みきまるさんは、株価が割安で、株主優待を実施している銘柄(優待バリュー株)に投資し、しっかりと利益をあげている個人投資家です。

ブログでは、有名投資家の投資手法や、みきまるさん自身が実践している「優待バリュー株投資」について紹介されています。

この「優待バリュー株投資」は優待目的での長期保有株主が多い優待株と、株価が割安なバリュー株という2つの特徴を持つ銘柄に投資する投資手法です。

株価が下がりにくい、中・長期的に値上がりが期待できる、株主優待という楽しみもあるため、なるべくリスクを抑えながら、気持ちにゆとりを持って株式投資を楽しみたい方にはぴったりの投資手法だと言えます。

5、2018年 バリュー株のゆくえは?

2017年は「アベノミクス」「トランプ相場」など1年に渡って世界的な株価上昇が続き、日経平均は約2割も上昇しました。

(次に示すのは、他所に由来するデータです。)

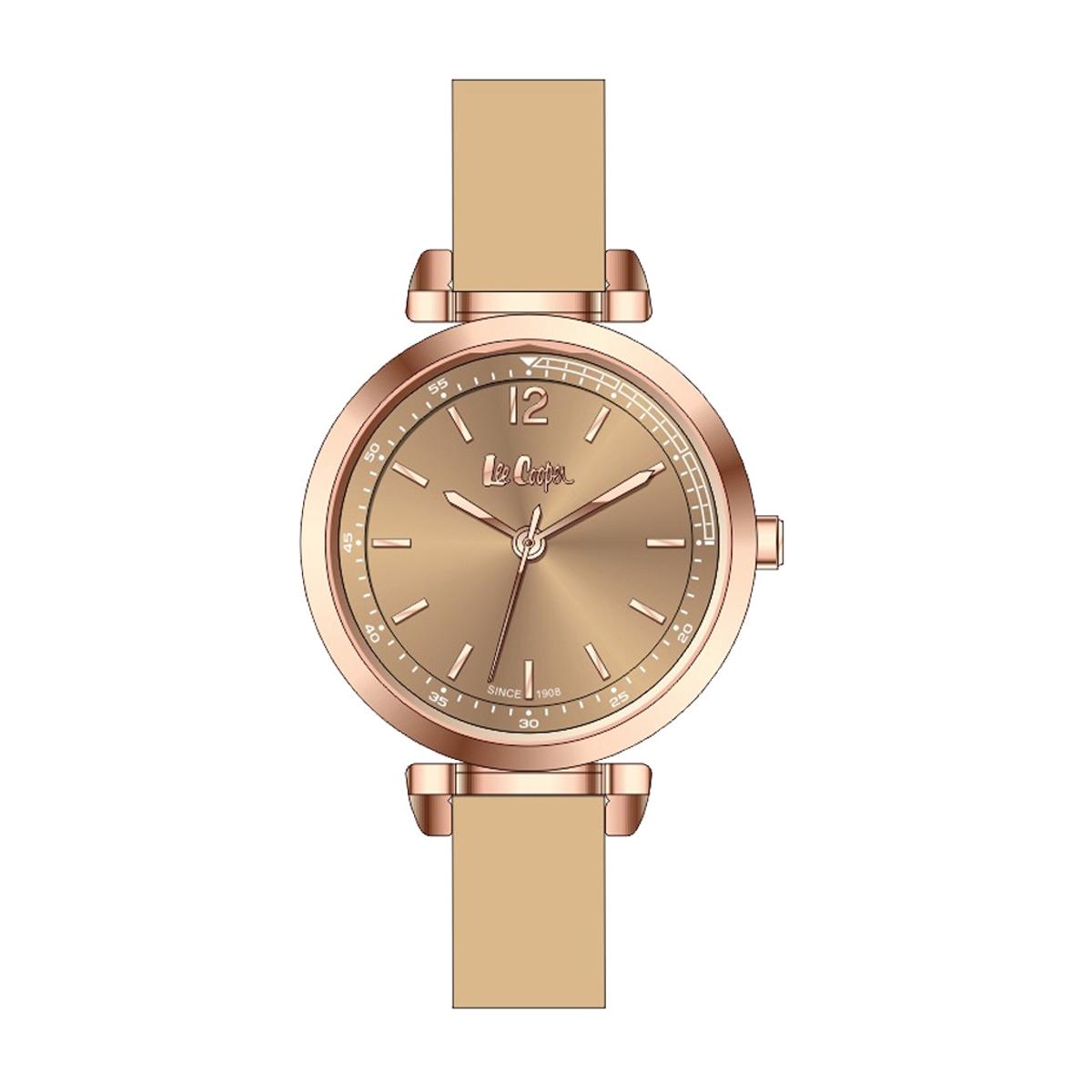 Lekker dameklokke fra Lee Cooper med beige skinnreim. Klokken har en roséfarget urkasse.

すでに株価の上昇している銘柄も多く、割高感から下落のリスクも高くなっています。

また利益を確定した資金も、割高な銘柄が増えたことで、次なる投資先が見つかりにくくなりつつあります。

このような相場状況の中で、バリュー株はその魅力をより増してくると言えます。

投資資金の行き場がなくなってくると、今まで見向きもされず放置されていたバリュー株に注目が集まる可能性が高まるからです。

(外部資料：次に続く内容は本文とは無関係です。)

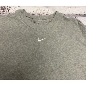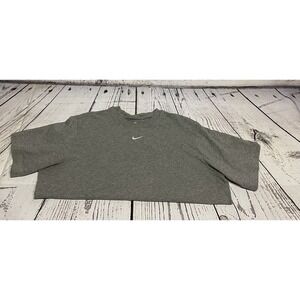 Elevate your activewear game with this Nike cropped t-shirt, perfect for any occasion. The relaxed fit and short sleeve design ensure comfort while the crew neck and medium fabric wash give it a classic look. The gray color and Nike product line make it a versatile addition to any wardrobe. This t-shirt is available in size medium and is a must-have for any woman's activewear collection. Preowned good condition.
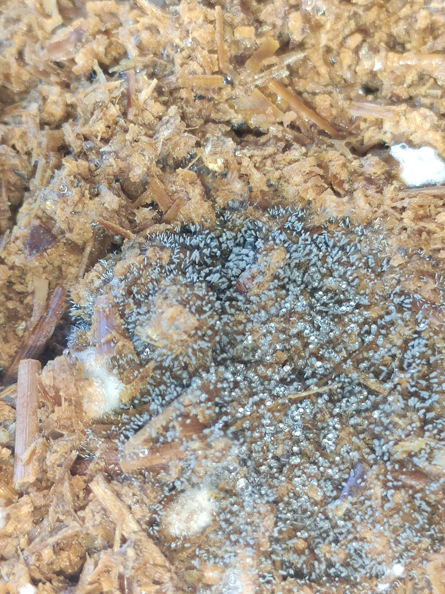 Da sie sich lokal auf dem Stroh wohlzufühlen scheinen, glaube ich nicht, dass die dem Austernmyzel gefährlich werden können.
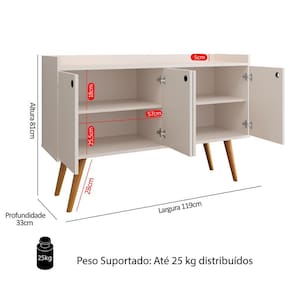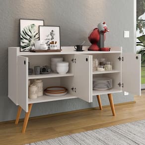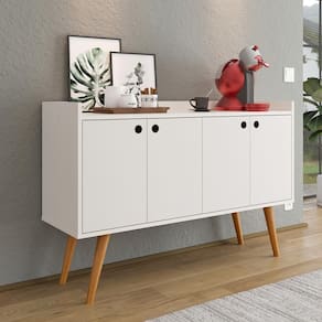 Ele conta com 4 portas, prateleiras internas e pés palito em madeira maciça, garantindo maior durabilidade ao produto. Também dispõe de um amplo tampo a qual pode ser utilizado para acomodar eletrodomésticos e itens decorativos.

また株価が割安なバリュー株は、株価が下落リスクも相対的に小さいという安心感もあります。

そのような点からも、2018年はバリュー株投資がその真価を発揮する年となることを予想しています。

まとめ

いかがでしたでしょうか。

バリュー株投資は、本来よりも割安な株を買って利益を得るという、株式投資の基本ともいえる投資手法です。

バリュー株であるかの判断には、PERやPBRなどの指標のほか、企業の業績や将来性、財務状態などの総合的な視点から企業の本来の価値を見極めることが最も重要なポイントとなります。

企業本来の価値を見極めてバリュー株を購入できれば、利益が出るまでには時間はかかるものの、低リスクで利益をあげることができるのです。

相場の動きなどに一喜一憂するのではなく、しっかりと腰を据えた投資で確実に利益を出して行きたい方には、バリュー株投資は最良の投資手法と言えるでしょう。